Palermo, 8 mag. (AdnKronos) – “È importantissimo che si possa arrivare alla fusione tra Anas e Cas, così da fondare una società unica in grado di investire pesantemente nell’Isola, con una progettualità ordinata, mirata ed evitando gli sprechi delle opere faraoniche, e spesso rimaste incomplete, per le quali la nostra Isola non si è mai sviluppata completamente, incapace di tenere il passo con il resto del sistema infrastrutturale nazionale”. Lo ha detto il presidente della Commissione bicamerale per le questioni regionali, Gianpiero D’Alia, intervenendo al convegno “Il futuro della Sicilia Infrastrutture, territorio e mobilità”, organizzato al Palacultura di Messina dalla Fondazione ‘Costruiamo il futuro’.

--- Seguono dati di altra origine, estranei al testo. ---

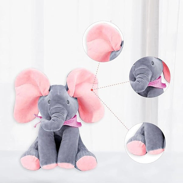 Αυτός ο πανέμορφος ελέφαντας ακριβώς αυτό κάνει – τραγουδάει χαρούμενα τραγούδια και ταυτόχρονα καλύπτεται με μεγάλα μαλακά αυτιά, προκαλώντας γέλιο και ενθουσιασμό στα μικρά παιδιά. Οι κινήσεις και οι ήχοι του βοηθούν το παιδί να αναπτύξει την ακοή, την όραση και τη μηχανική του μέσω του παιχνιδιού.

Per il parlamentare messinese, però, a questo si deve aggiungere “un importante programma di sviluppo della rete ferroviaria siciliana come Rfi non ha fatto fino adesso”. D’Alia ha anche ricordato che “grazie al Patto per la Sicilia nell’area metropolitana di Messina arriveranno risorse che il nostro territorio non ha mai avuto e che avrebbero potuto evitare un dissesto del territorio per il quale Messina ha pagato un prezzo alto anche in termini di vite: il ricordo va alle vittime dell’alluvione del 2009 e a quelle delle disgrazie successive sul versante tirrenico”.
D’Alia, infine, avverte: “Non possiamo perdere questa grandissima opportunità, perciò è importante avere un’amministrazione che sia in grado di ‘intendere e volere’ un futuro che può fare sviluppare la città e il comprensorio in senso moderno, produttivo ed europeo”.